That section provides that ‘A privileged publication . . . is one made: [¶] . . . [¶] (b) In

any . . . (2) judicial proceeding . . . .’ That privilege is absolute [citation], and applies to

communications involving quasi-judicial proceedings, including workers’ compensation

proceedings. [Citation.] [¶] Harris alleged he was receiving workers’ compensation

benefits as the result of a work-related injury. In connection with that proceeding, King

communicated his report to the workers’ compensation insurance carrier.
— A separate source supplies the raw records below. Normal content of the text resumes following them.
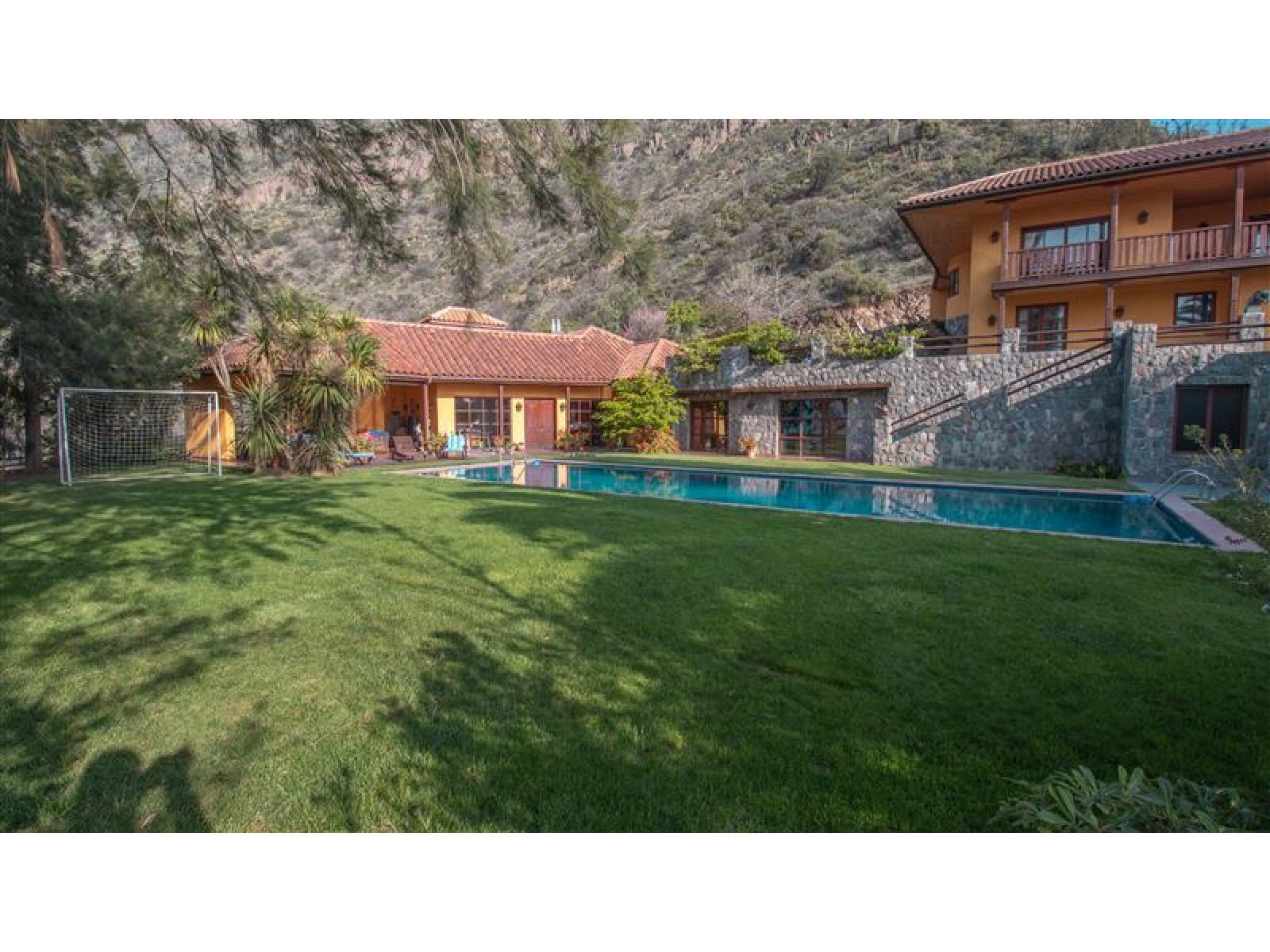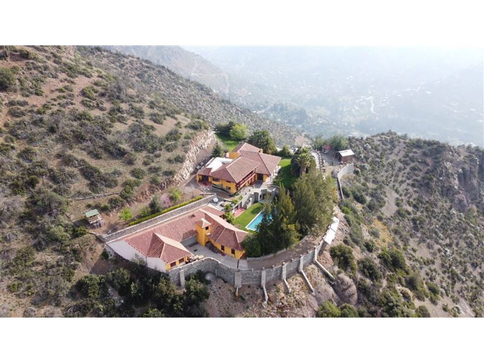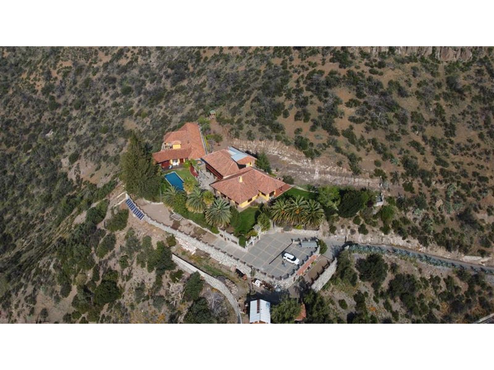 Viva en un entorno natural, en la precordillera de Santiago, disfrutando de las mejores vistas de la ciudad y espectaculares atardeceres en la cordillera de la costa o Cerro Manquehue. A diario podrá contemplar majestuosas águilas y cóndores que vigilan el entorno de la propiedad. La casa es completamente autosustentable; su mantención es económica, y sin duda sera el punto de encuentro de todas sus amistades y familia. Total construido: 1140 m2 Terreno: 44,000 m2, plano aprox 5000 m2 * Casa Principal: Superficie 476m2 Estilo chilena Hall de entrada con chiflonera Comedor Cocina equipada, muebles de Rauli solidos, cocina y horno a gas Gran terraza con hermosa vista a todo Santiago primer piso frente a la cocina Gran Dispensa Living con biblioteca, en total 90 m2, Dos dormitorios en suite primer piso Una oficia primer piso Dormitorio en suite principal segundo piso, baño con Jacuzzi y ducha Sala de estar segundo piso Dormitorio en suite segundo piso Gran terraza con maravillosa vista a la cordillera segundo piso Todas las edificaciones (Casa principal y edificios adicionales ) están hechas solidas de muros de ladrillo fiscal y estucado en ambos lados llegando a un espesor de paredes de 25cm * Pisos en casa Principal: Tablas solidas de coigue con excepción de hall de entrada y baños que tienen pisos de cerámica * Techo: Todos los techos de teja chilena * Ventanas: Todas las ventanas y ventanales, doble vidrio, de madera, Marca European Window * Calefaccion: Hall de entrada: Loza Radiante Dormitorios y resto de la casa: Radiadores Todos los Baños con seca toallas Dos calderas de biomasa, una automática de pellets y chip de madera (con deposito para un año de funcionamiento en forma totalmente automático y estación automatizada de descarga de pellet o chip de madera), un gasifacador de leña, estanques de inercia de 2000 ltr, planta solar de agua caliente de 10 m2 El diseño y la orientación de la casa permite que la casa se mantiene en verano fría pero en invierno temperada por lo cual se usa poca energía para mantenerla cómoda. La calderas de biomasa ademas reducen el costo de calefacción al año a menos 1,500,000 por todo el año. * Energia Eléctrica: La propiedad tiene transformador propio de 27kW, trifásico La energía (media voltaje) AT4.3 tiene un costo mensual es bajo el cuál incluye el costo de bombeo de agua. * Agua: Pozo de 203 mtr de profundidad, capacidad de captación 2.88 m3/hora comprobada, con agua de la mejor calidad ya que no existen viviendas o urbanizaciones aguas arribe, estanque de agua potable de 30m3 * Otras Edificaciones: Departamento Cuidador: 53m2 (dos dormitorios, living / cocina, baño completo) Dormitorio de servicio con baño completo de 17m2 Pieza con Sauna y Ducha SPA colindante a piscina: de 52m2 Edificio hobby: 446 m2 construido con la misma calidad y el mismo estilo que casa principal. Quincho anexo a la piscina 53m2 Estacionamento semi subterrâneo de 66m2 * Piscina: Piscina de 5 * 15 mtr, 2 mtr de profundidad, terminación con azulejos; calefacción con energía solar Sala de bomba / filtros con guardia de herramientas de jardín * Jardines: Jardines consolidadas con atractivas especias, palmeras chilenas de gran tamaño y pasto Todos los jardines riegado con sistema de riego automático En total se construyeron sobre 2000m2 de muros de piedra lo que da un aspecto único integrado al entorno natural. * Camino interior: 600 mtr de largo, 3 mtr de ancho, pavimentado, con muros de retención de piedra en todo su largo Dos portones de entrada solidas, automáticos con control remoto. * Seguridad: La casa se accede por medio de un camino privado de 1200 mtr pasando por un diferencial de altura de 250mtr que es solamente utilizado por una casa mas. No hay peatones ni automovilistas que se pueden acercar a la propiedad sin ser invitados. Para mayor detalle y características de la casa póngase en contacto con nosotros.
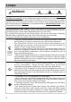 Sicherheitsvorkehrungen (Fortsetzung) HINWEIS Über Verbrauchsteile. Die Lampe, LCD-Panele, Polarisationsfilter und anderer optischer Komponenten sowie Luftfilter und Kühlgebläse haben unterschiedliche Lebensdauern. Es kann erforderlich wrede, diese Teile nach längerer Verwendung auszutauschen. • Diese Produkt ist nicht für lange ununterbrochene Verwendung konstruiert.
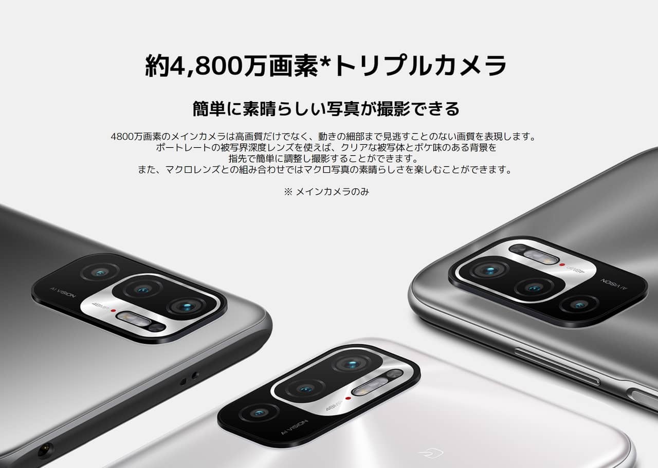 ▼Redmi Note 10 JEのカメラは「4,800万画素のメインカメラ」「200万画素のマクロカメラ」「200万画素の深度測定カメラ」のトリプルカメラ構成となっています!↓
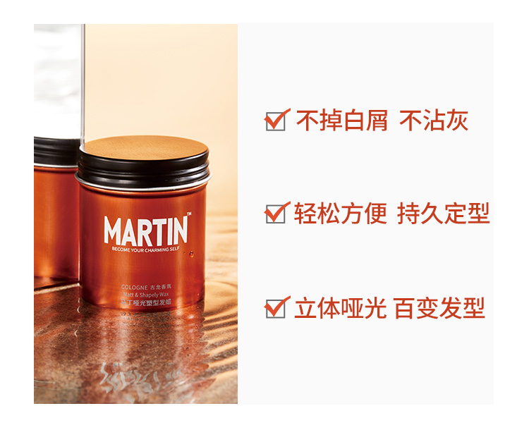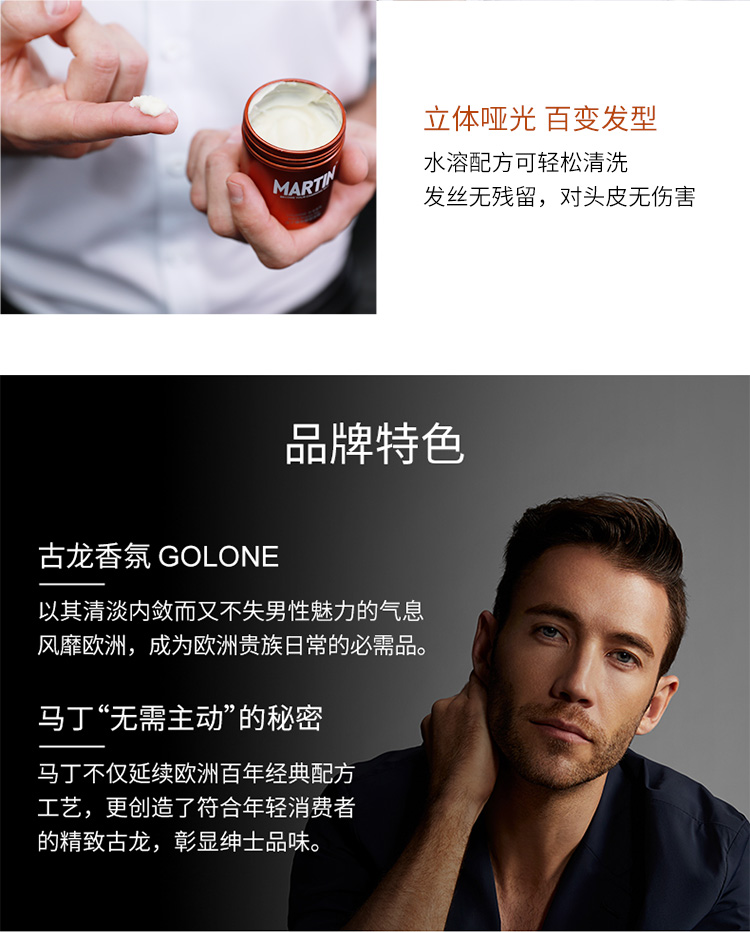 您所在的位置:首页 > 个人护理  > 洗发护发 > 其它洗护发产品  > Martin/马丁男士发蜡持久定型发胶喷雾头发造型发泥自然蓬松哑光清香无味套装 塑型发蜡-窄口80g+激劲造型喷雾220ml
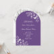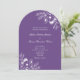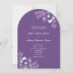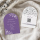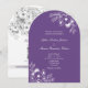 Denna eleganta välvda bröllopsinbjudan har en modern lila bakgrund i par med delikat vit blomsterlinjekonst och ett klassiskt serif-typografi. Designen inkluderar en komplett layout utan bilder på framsidan med era ceremonidetaljer, plus en matchande baksida med en QR-kod för RSVP och en länk till bröllopswebbplatsen för enkel gästaccess.
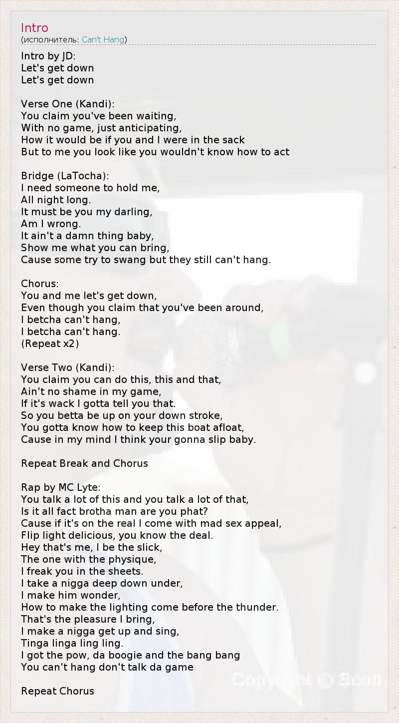 Intro by JD: Let's get down Let's get down Verse One (Kandi): You claim you've been waiting, With no game, just anticipating, How it would be if you and I were in the sack But to me you look like you wouldn't know how to act Bridge (LaTocha): I need someone to hold me, All night long. It must be you my darling, Am I wrong. It ain't a damn thing baby, Show me what you can bring, Cause some try to swang but they still can't hang. Chorus: You and me let's get down, Even though you claim that you've been around, I betcha can't hang, I betcha can't hang. (Repeat x2) Verse Two (Kandi): You claim you can do this, this and that, Ain't no shame in my game, If it's wack I gotta tell you that. So you betta be up on your down stroke, You gotta know how to keep this boat afloat, Cause in my mind I think your gonna slip baby. Repeat Break and Chorus Rap by MC Lyte: You talk a lot of this and you talk a lot of that, Is it all fact brotha man are you phat? Cause if it's on the real I come with mad sex appeal, Flip light delicious, you know the deal. Hey that's me, I be the slick, The one with the physique, I freak you in the sheets. I take a nigga deep down under, I make him wonder, How to make the lighting come before the thunder. That's the pleasure I bring, I make a nigga get up and sing, Tinga linga ling ling. I got the pow, da boogie and the bang bang You can't hang don't talk da game Repeat Chorus
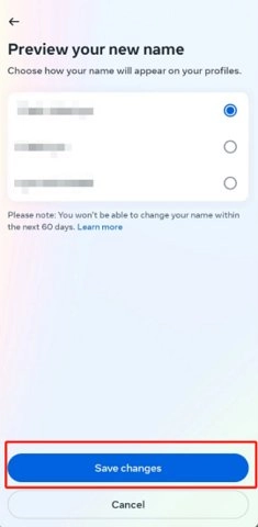 点击“姓名”,输入您想要更改的新姓名,然后点击“查看更改”。
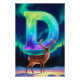 Ajoutez une touche d'émerveillement et de magie nordique à votre espace avec ce poster de la lettre D aurorale. Une lettre D radieuse s'élève au-dessus d'une forêt enneigée, illuminée par des rubans fluides de lumières boréales dans des nuances lumineuses de turquoise, d'émeraude et de violet. L'aurore danse dans le ciel nocturne, jetant une douce lueur sur la neige et illuminant doucement un renne paisible debout à la base du monogramme.
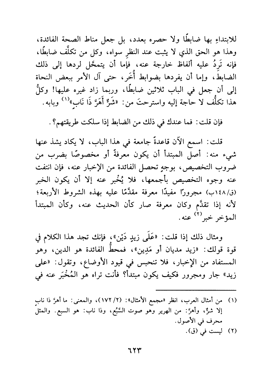 للابتداءِ بها ضابطًا ولا حصره بعدد، بل جعل مناط الصحة الفائدة، وهذا هو الحق الذي لا يثبت عند النظر سواه، وكل من تكلَّف ضابطًا، فإنه تَرِدُ عليه ألفاظ خارجة عنه، فإما أن يتمحَّل لردها إلى ذلك الضابط، وإما أن يفردها بضوابط أُخَر، حتى آل الأمر ببعض النحاة إلى أن جعل في الباب ثلاثين ضابطًا، وربما زاد غيره عليها! وكلُّ هذا تكلُّف لا حاجة إليه واسترحتَ من: "شَرٌّ أَهَرَّ ذَا نَاب" (¬١) وبابه.
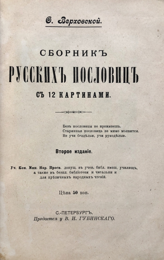 Сборник русских пословиц, в которых выразилась народная премудрость, жизненный опыт и глубокое знание человеческого естества. Вышли эти пословицы из недр души народа. Оглавление: Мировоззрение русского народа, Человек и его хорошие качества, Дурные качества человека, Родственные отношения, Жизнь, Имущество, Деятельность, Торговля, Наука, Время, Природа, Загадки. Книга представляет историческую и культурную ценность.
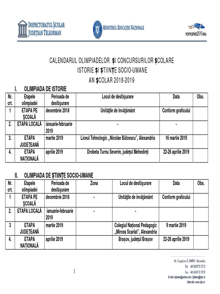 A Calendar Olimpiade Si Concursuri Ist Socio Umane 2019
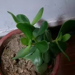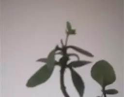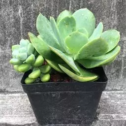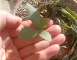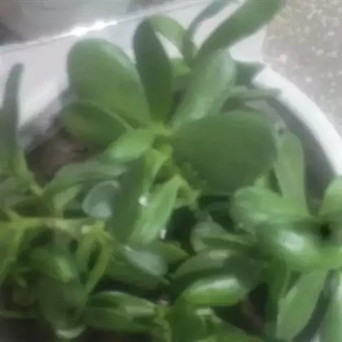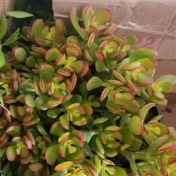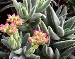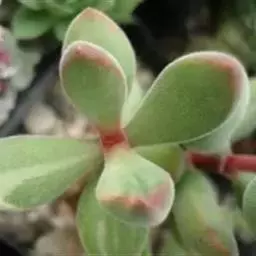 植株呈亚灌木状,高约60厘米,具小分枝,茎肉质,以后稍木质化。肉质叶灰绿 至浅绿色,叶缘稍具红色,交互对生,卵圆状三角形,无叶柄,基部连在一起,幼叶上下叠生,成叶上下有少许间隔。叶长1.5~2.5厘米,宽0.9~1.3厘米,花白色,4~5月开放。
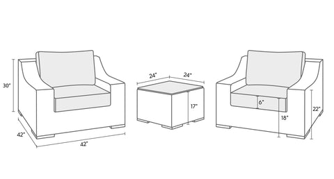 The Corsica boasts a classic look with a driftwood grey colored weave, wide arms and backrests, and deep seating. The outdoor club chair set includes two club chairs and one end table with a tempered glass top.
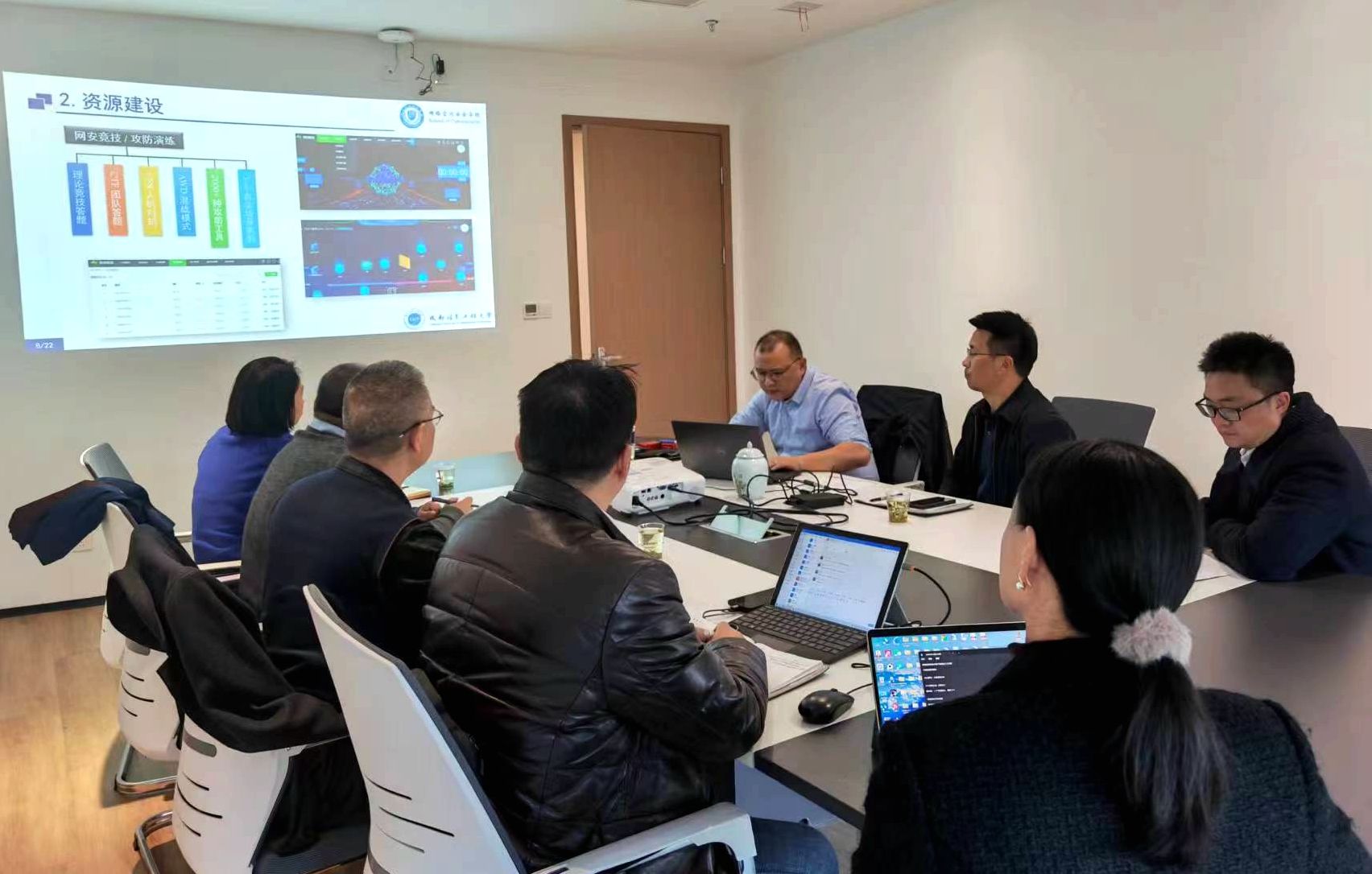 交流会上,教务处副处长李代伟致辞,欢迎西南科技大学及信息工程学院领导及教师访问公司网络空间安全产业学院。西南科技大学教务处副处长张庆明介绍了本次调研和交流的主题,并对学院的热情接待表示了感谢。周益民代表网络空间安全产业学院介绍了过去两年来公司产教融合示范项目的建设情况,并针对公司产教融合示范项目的达成情况、有效举措、主要成效、经验做法等方面做了具体分享,然后对学院的产教融合建设及成效做了更为具体的介绍,最后总结了学校、学院在产教融合示范项目验收过程中的一些经验做法。随后,双方参会代表就产教融合示范项目的验收总体部署、材料准备、验收动员工作等各个方面进行了深入的研讨。
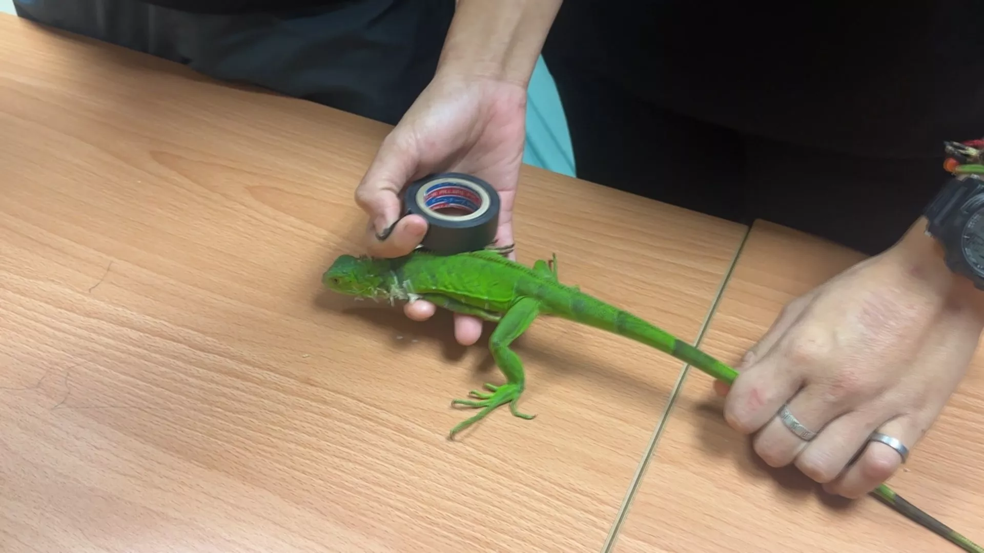 Pakar menangkap iguana hijau sambil menunjukkan cara mengikatnya. Iguana hijau yang semakin banyak di wilayah selatan Taiwan mendorong Kementerian Pertanian (MOA) untuk menerapkan kebijakan pelatihan bagi masyarakat umum. Mereka yang telah dilatih dapat menangkap iguana dan mendapatkan hadiah uang sebagai imbalan. Pelatihan pertama diadakan di Kaohsiung pada tanggal 30 sore, menarik lebih dari seratus peserta.
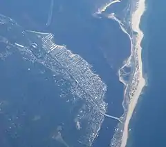 ![]() The eastern shore of Highlands borough, topped on a bluff by the Twin Lights of the Navesink | |

King’s

communication satisfies the requirements for application of the litigation privilege

because it was made in a quasi-judicial proceeding, by participants authorized by law to

achieve the objects of the litigation, and the communication had a logical relation to that

proceeding. [Citation.] The King report is therefore absolutely privileged and is not

actionable even if prepared and communicated maliciously and with knowledge of its

falsity. [Citation.]” (Harris, supra, 60 Cal.App.4th at pp. 1187-1188.)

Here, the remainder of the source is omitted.